#### WHAT NEEDS TO BE DONE
Print the records below exactly. Omit every picture.

Data items:
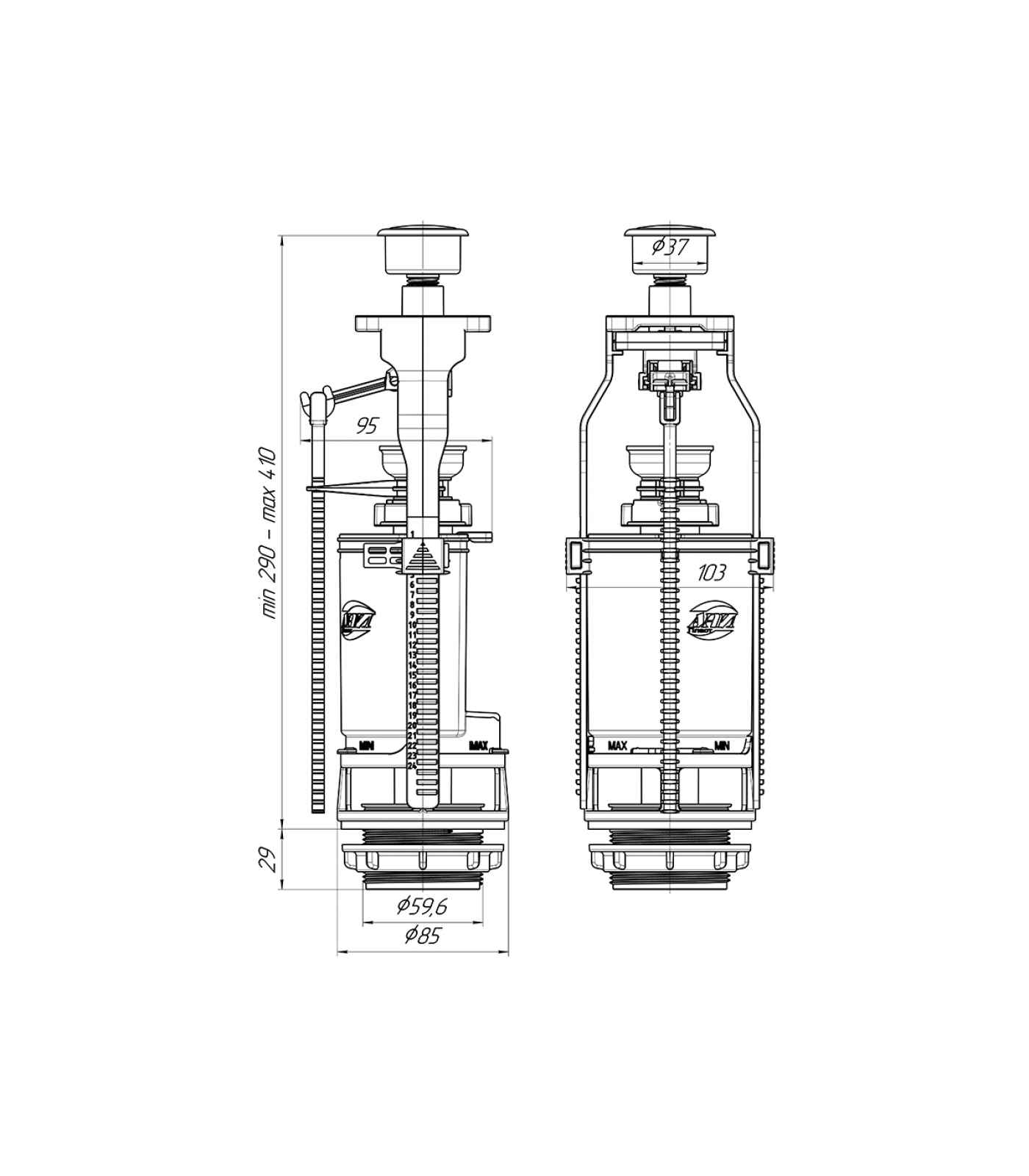 Клапан выпуска кнопочный АНИ WC7010 арматура спускная. Сливной механизм бачка унитаза белая пластиковая кнопка с одним режимом слива, имеет возможность регулировки по высоте от 290 до 410 мм.
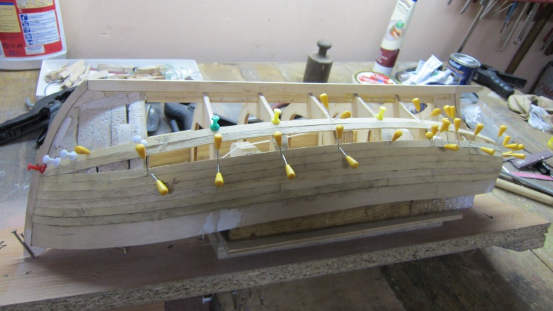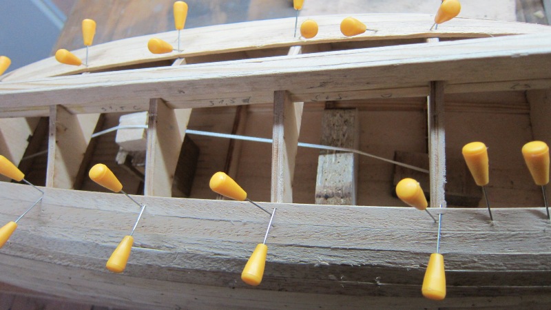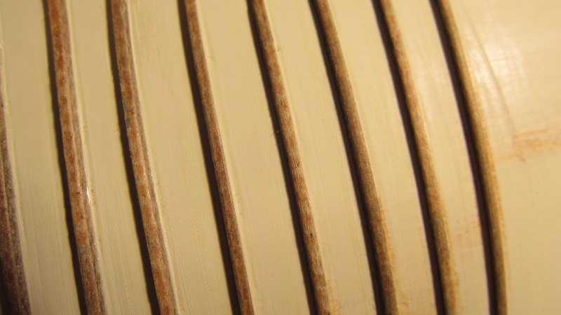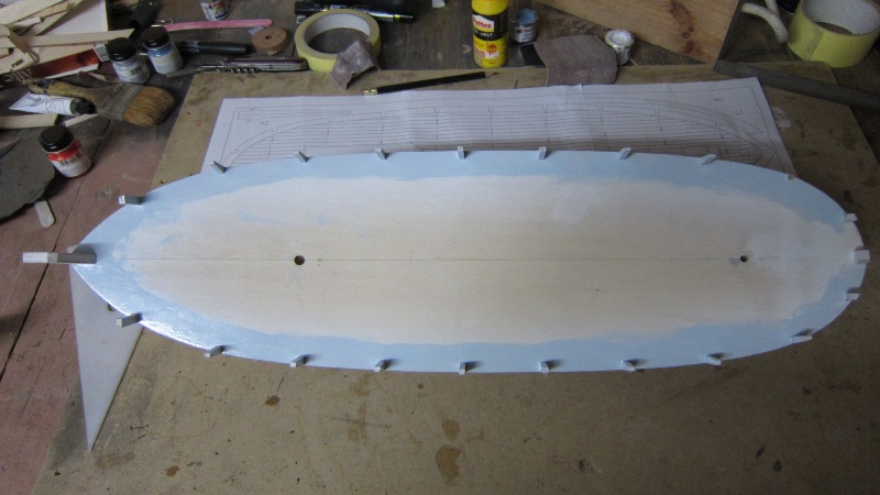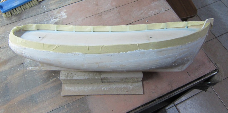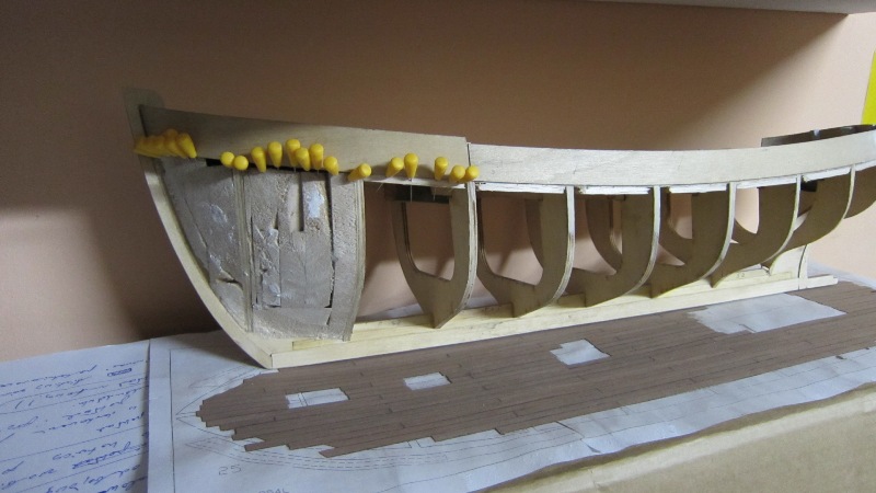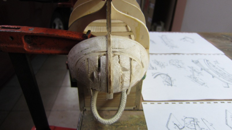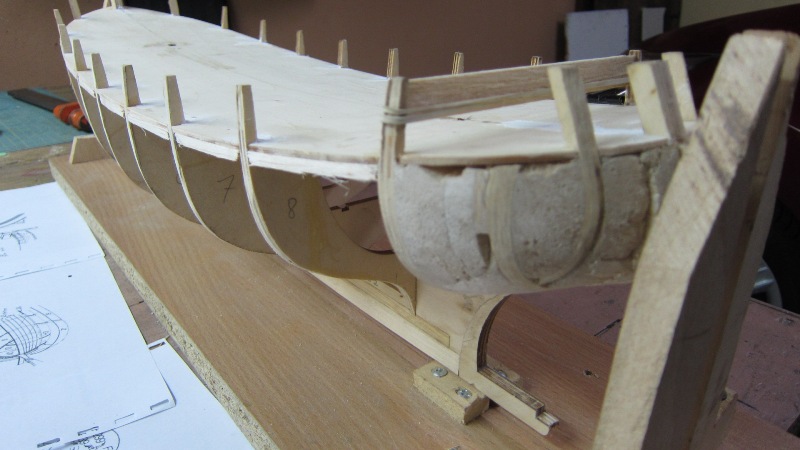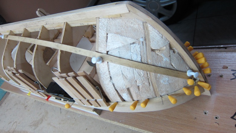 2. Przekonałem się do - podpowiadanego wielokrotnie - wypełniania części dziobowej i rufowej szkieletu miękkim drewnem w celu uzyskania poprawnego, bez załamań i spłaszczeń, kształtu kadłuba.
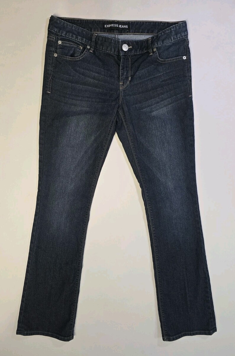 Express Jeans Women's Zelda Barely Boot Ultra Low Rise Stretch Blue Jeans 8R
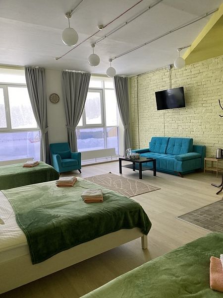 Отличный выбор для компании или семьи до 5 человек - просторный номер, предназначенный для проживания большой группы. Включено постельное белье и комплекты полотенец.
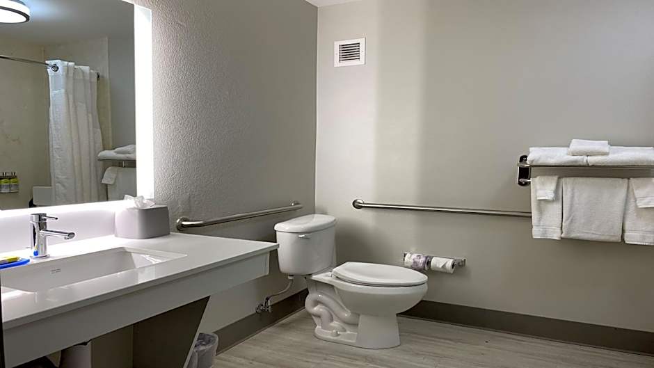 Single King Bed with Walk-in Shower (Wheelchair Accessible) has a satellite TV, microwave and air conditioning.
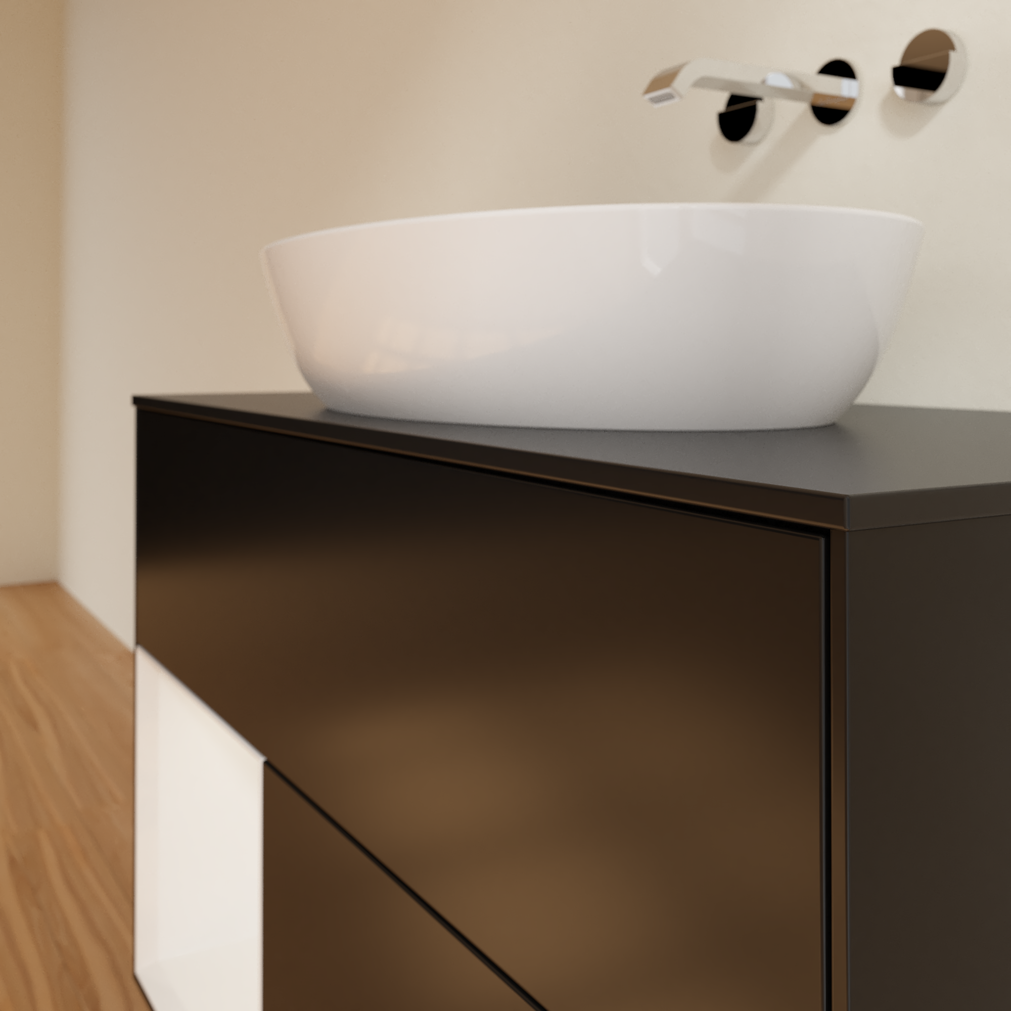Finion Vanity unit, with lighting, 2 pull-out compartments, 1000x603x501mm, Body: Black Matt Lacquer, Front: Black Matt Lacquer, Shelf: Glossy White Lacquer, Cover plate: Glass Black Matt
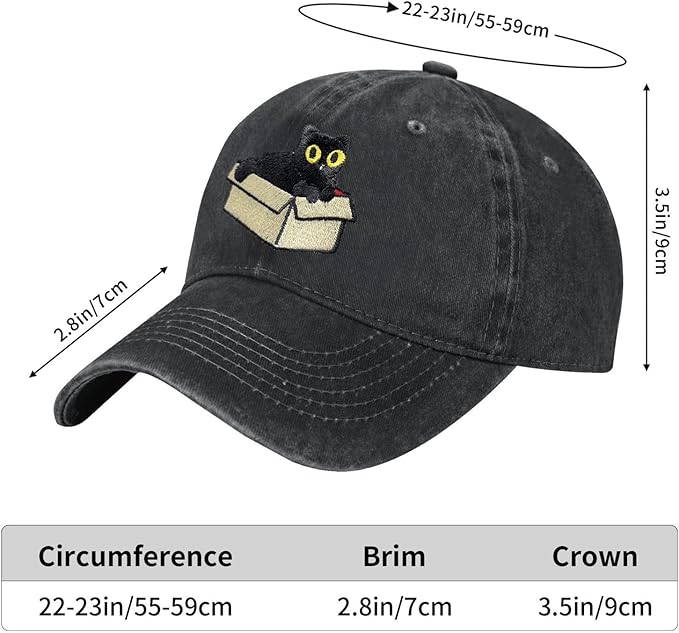 Black Cat Hat,Ragdoll Cat Embroidered Adjustable Cotton Baseball Cap for Men Women,Gifts for Cat Lovers
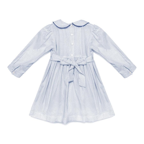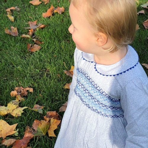 Smocked dress with delicate soft blue autumnal leaves on white background. A peter plan collar with a soft curved navy blue trim. Long sleeves with a button cuff and a tie belt with buttons at the back. Hand smocked with hearts in three tones of blue. 100% cotton and fully lined.
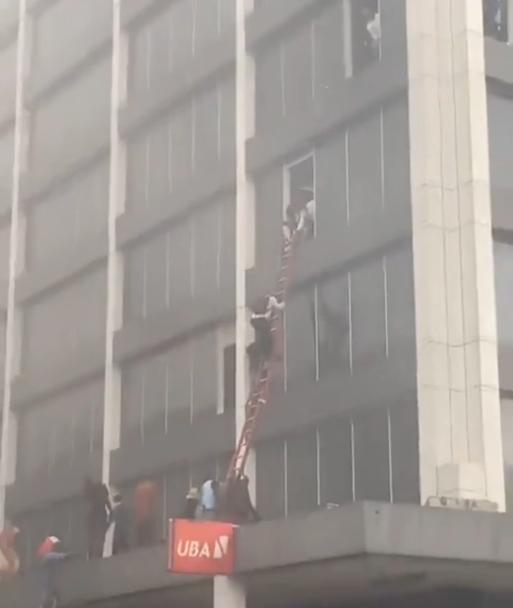 A major fire broke out on Tuesday afternoon at Afriland Tower on Broad Street, Lagos Island, where one of the United Bank for Africa (UBA) branches is located.
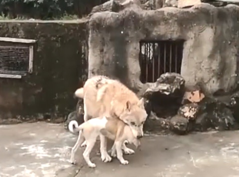 2019年05月08日根據中國媒體報導,有遊客上週六(5/4)到武漢九峰山森林動物園參觀,發現狼窩裡竟然有一隻白色狗狗在散步,卻四處都看不到狼的身影,便拍影片po上網質疑園方欺騙遊客,結果動物園的解釋卻讓大家都意想不到:牠們是情侶啦!
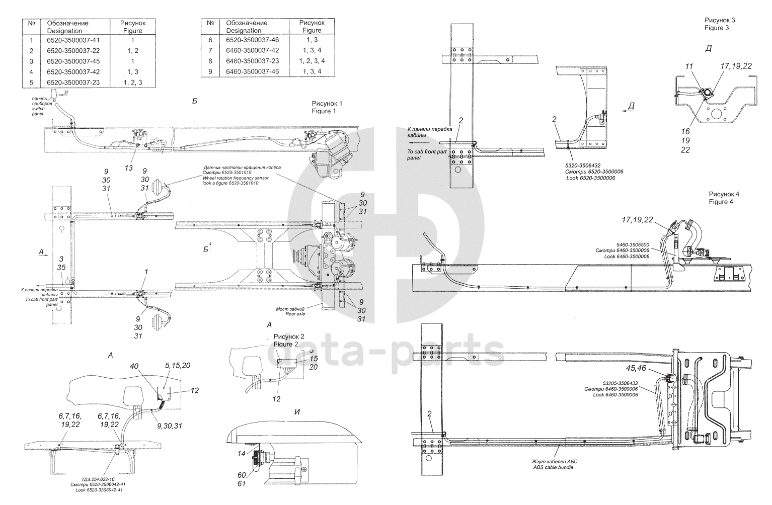 6520-3500037-41 Установка кабелей АБС КамАЗ-6460 (Евро 3, 4)
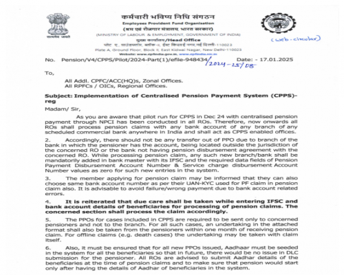 Pension Circular Implementation of Centralised Payment System (CPPS)-17.01.2025
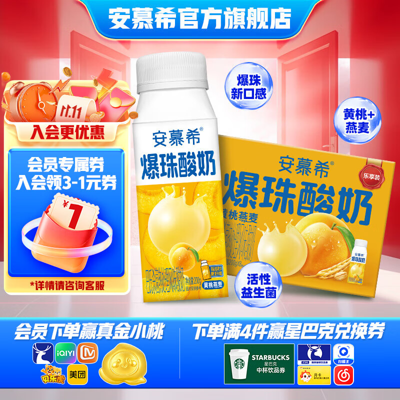 安慕希伊利黄桃燕麦爆珠风味常温酸奶整箱牛奶乳品营养早餐牛奶 黄桃燕麦爆珠200gx8盒
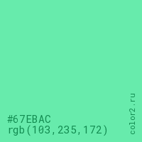 Цвет #67EBAC в цветовой модели RGB обозначается тремя октетами (103, 235, 172) в десятичном формате и #67EBAC в шестнадцатиричном (hex) формате, которые являются интенсивностью красного 103 (hex 67), интенсивность зелёного 235 (hex EB) и интенсивность синего 172 (hex AC).

#### REPLY
 Клапан выпуска кнопочный АНИ WC7010 арматура спускная. Сливной механизм бачка унитаза белая пластиковая кнопка с одним режимом слива, имеет возможность регулировки по высоте от 290 до 410 мм.
 2. Przekonałem się do - podpowiadanego wielokrotnie - wypełniania części dziobowej i rufowej szkieletu miękkim drewnem w celu uzyskania poprawnego, bez załamań i spłaszczeń, kształtu kadłuba.
 Express Jeans Women's Zelda Barely Boot Ultra Low Rise Stretch Blue Jeans 8R
 Отличный выбор для компании или семьи до 5 человек - просторный номер, предназначенный для проживания большой группы. Включено постельное белье и комплекты полотенец.
 Single King Bed with Walk-in Shower (Wheelchair Accessible) has a satellite TV, microwave and air conditioning.
Finion Vanity unit, with lighting, 2 pull-out compartments, 1000x603x501mm, Body: Black Matt Lacquer, Front: Black Matt Lacquer, Shelf: Glossy White Lacquer, Cover plate: Glass Black Matt
 Black Cat Hat,Ragdoll Cat Embroidered Adjustable Cotton Baseball Cap for Men Women,Gifts for Cat Lovers
 Smocked dress with delicate soft blue autumnal leaves on white background. A peter plan collar with a soft curved navy blue trim. Long sleeves with a button cuff and a tie belt with buttons at the back. Hand smocked with hearts in three tones of blue. 100% cotton and fully lined.
 A major fire broke out on Tuesday afternoon at Afriland Tower on Broad Street, Lagos Island, where one of the United Bank for Africa (UBA) branches is located.
 2019年05月08日根據中國媒體報導,有遊客上週六(5/4)到武漢九峰山森林動物園參觀,發現狼窩裡竟然有一隻白色狗狗在散步,卻四處都看不到狼的身影,便拍影片po上網質疑園方欺騙遊客,結果動物園的解釋卻讓大家都意想不到:牠們是情侶啦!
 6520-3500037-41 Установка кабелей АБС КамАЗ-6460 (Евро 3, 4)
 Pension Circular Implementation of Centralised Payment System (CPPS)-17.01.2025
 安慕希伊利黄桃燕麦爆珠风味常温酸奶整箱牛奶乳品营养早餐牛奶 黄桃燕麦爆珠200gx8盒
 Цвет #67EBAC в цветовой модели RGB обозначается тремя октетами (103, 235, 172) в десятичном формате и #67EBAC в шестнадцатиричном (hex) формате, которые являются интенсивностью красного 103 (hex 67), интенсивность зелёного 235 (hex EB) и интенсивность синего 172 (hex AC).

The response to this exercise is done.